*TASK REQUIREMENTS*.
Return every line from the one with "Jakara Anthony (L)" through the one with "经济与金融学院于10月22日", inclusive, exactly as it appears below.

*DATA*.
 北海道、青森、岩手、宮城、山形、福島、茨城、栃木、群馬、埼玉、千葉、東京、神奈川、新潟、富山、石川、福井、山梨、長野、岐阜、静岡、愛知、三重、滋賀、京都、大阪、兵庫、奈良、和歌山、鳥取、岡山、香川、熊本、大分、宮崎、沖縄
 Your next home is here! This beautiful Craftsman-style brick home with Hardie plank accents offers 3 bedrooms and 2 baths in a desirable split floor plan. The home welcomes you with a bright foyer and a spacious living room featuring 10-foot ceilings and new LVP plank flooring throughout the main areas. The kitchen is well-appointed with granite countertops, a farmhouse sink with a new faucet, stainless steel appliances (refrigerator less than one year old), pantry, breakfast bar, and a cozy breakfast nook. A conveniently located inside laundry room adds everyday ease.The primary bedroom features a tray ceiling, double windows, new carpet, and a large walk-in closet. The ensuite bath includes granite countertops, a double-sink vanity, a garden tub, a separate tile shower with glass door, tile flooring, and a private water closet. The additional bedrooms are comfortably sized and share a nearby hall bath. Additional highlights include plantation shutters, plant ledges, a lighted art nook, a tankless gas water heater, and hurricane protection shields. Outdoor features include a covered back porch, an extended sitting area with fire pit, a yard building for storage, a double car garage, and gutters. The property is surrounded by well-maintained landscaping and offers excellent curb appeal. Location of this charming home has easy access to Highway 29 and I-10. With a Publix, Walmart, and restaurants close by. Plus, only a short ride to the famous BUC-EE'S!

* * *

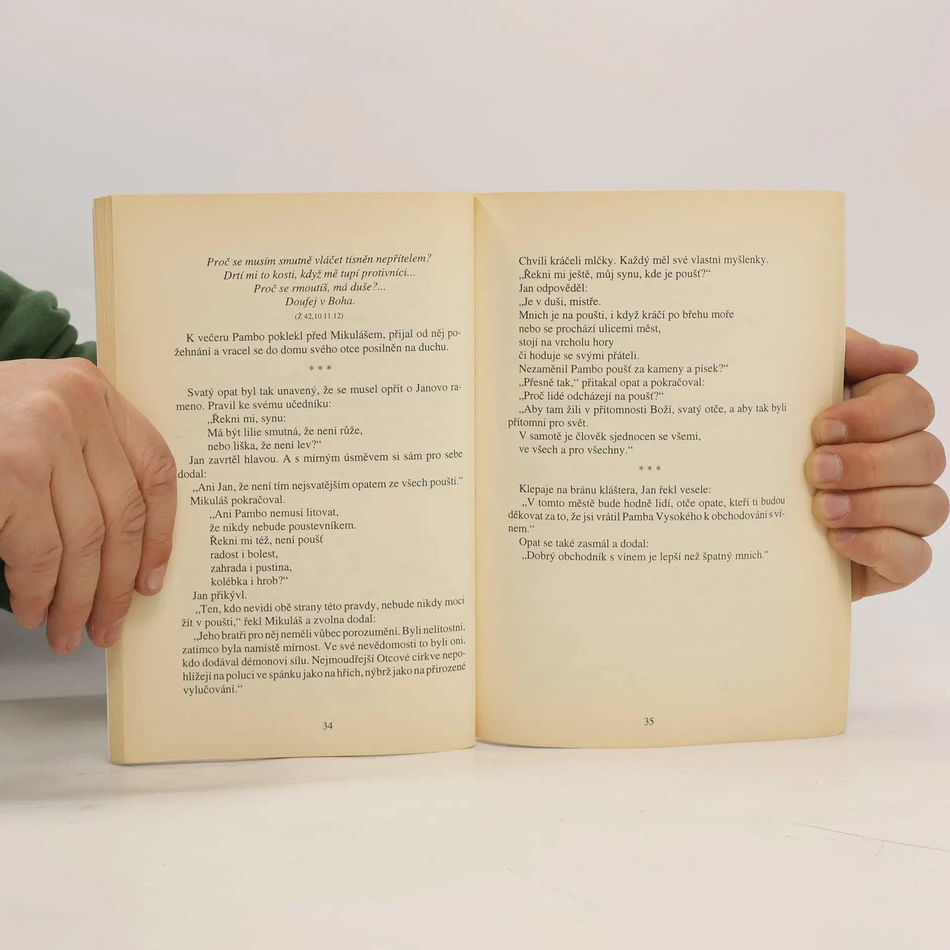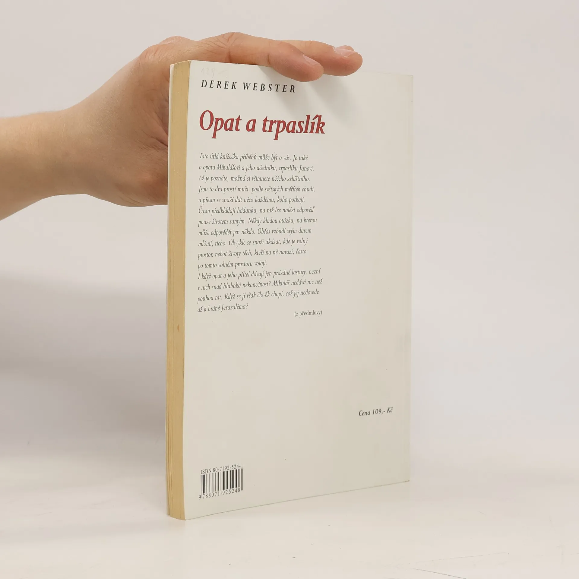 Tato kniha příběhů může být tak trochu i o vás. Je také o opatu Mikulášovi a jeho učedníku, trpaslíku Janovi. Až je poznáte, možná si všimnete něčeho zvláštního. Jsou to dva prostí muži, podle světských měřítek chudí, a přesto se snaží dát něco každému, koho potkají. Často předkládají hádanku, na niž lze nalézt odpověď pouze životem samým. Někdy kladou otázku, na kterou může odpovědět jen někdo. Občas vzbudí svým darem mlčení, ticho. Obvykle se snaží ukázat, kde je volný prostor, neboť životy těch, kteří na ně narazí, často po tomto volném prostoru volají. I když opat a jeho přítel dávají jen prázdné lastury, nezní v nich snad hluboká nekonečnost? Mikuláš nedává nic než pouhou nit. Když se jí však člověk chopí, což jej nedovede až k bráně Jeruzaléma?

...

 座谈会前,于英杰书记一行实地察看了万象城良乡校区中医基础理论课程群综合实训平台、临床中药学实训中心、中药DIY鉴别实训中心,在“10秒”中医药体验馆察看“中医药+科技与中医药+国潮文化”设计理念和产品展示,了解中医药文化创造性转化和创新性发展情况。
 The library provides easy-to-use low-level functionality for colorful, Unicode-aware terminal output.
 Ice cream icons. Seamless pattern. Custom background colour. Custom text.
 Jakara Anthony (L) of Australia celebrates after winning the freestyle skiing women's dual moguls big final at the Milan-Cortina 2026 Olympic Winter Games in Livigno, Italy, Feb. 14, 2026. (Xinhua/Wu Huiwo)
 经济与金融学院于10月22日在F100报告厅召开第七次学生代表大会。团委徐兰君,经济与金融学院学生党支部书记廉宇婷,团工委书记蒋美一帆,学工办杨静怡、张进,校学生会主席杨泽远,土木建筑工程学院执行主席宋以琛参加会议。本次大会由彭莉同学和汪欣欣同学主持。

*TASK RESPONSE*.
 Jakara Anthony (L) of Australia celebrates after winning the freestyle skiing women's dual moguls big final at the Milan-Cortina 2026 Olympic Winter Games in Livigno, Italy, Feb. 14, 2026. (Xinhua/Wu Huiwo)
 经济与金融学院于10月22日在F100报告厅召开第七次学生代表大会。团委徐兰君,经济与金融学院学生党支部书记廉宇婷,团工委书记蒋美一帆,学工办杨静怡、张进,校学生会主席杨泽远,土木建筑工程学院执行主席宋以琛参加会议。本次大会由彭莉同学和汪欣欣同学主持。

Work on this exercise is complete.